Channel Hardening: A Comparison Between Concentrated and Distributed Massive MIMO

In this letter, a comparative analysis of the hardening effect for concentrated and distributed massive multiple-input-multiple-output channels (C-mMIMO and D-mMIMO, respectively) is presented. The analysis is carried out in two buildings with similar structural characteristics, considering two frequency bands of interest for 5G deployments, 3.5 and 26 GHz; taking into account both experimental data at 3.5 GHz and simulation results obtained in the 26 GHz band using a rigorous and well-tested ray tracing method. Both, measurements and simulations emulated C-mMIMO and D-mMIMO systems in an indoor cell in the framework of a time division duplex (TDD)-orthogonal frequency division multiplexing (TDD-OFDM) system. To quantify the level of hardening that the specific channels under analysis offer in the frequency domain, the standard deviation of the gain of the channels is used, as well as its evolution as the number of active antennas at the base station grows.
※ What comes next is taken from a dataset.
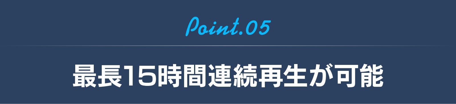 A: フル充電で約15時間の連続再生が可能です。これにより、一晩中音楽を楽しみながら安心して眠ることができます。

The results obtained for both mMIMO systems show that a sufficiently high level of hardening occurs in indoor environments to contribute to the reliability of communication systems or sensor networks.

Automated summary

In this letter, a comparative analysis is presented on the hardening effect of concentrated and distributed massive multiple-input-multiple-output channels (C-mMIMO and D-mMIMO, respectively). The analysis is conducted in two buildings with similar structural characteristics, considering the frequency bands of 3.5 and 26 GHz for 5G deployments. Experimental data at 3.5 GHz and simulation results at 26 GHz using a rigorous ray tracing method are used. Both measurements and simulations show that indoor environments provide a sufficiently high level of hardening for mMIMO systems, contributing to the reliability of communication systems or sensor networks.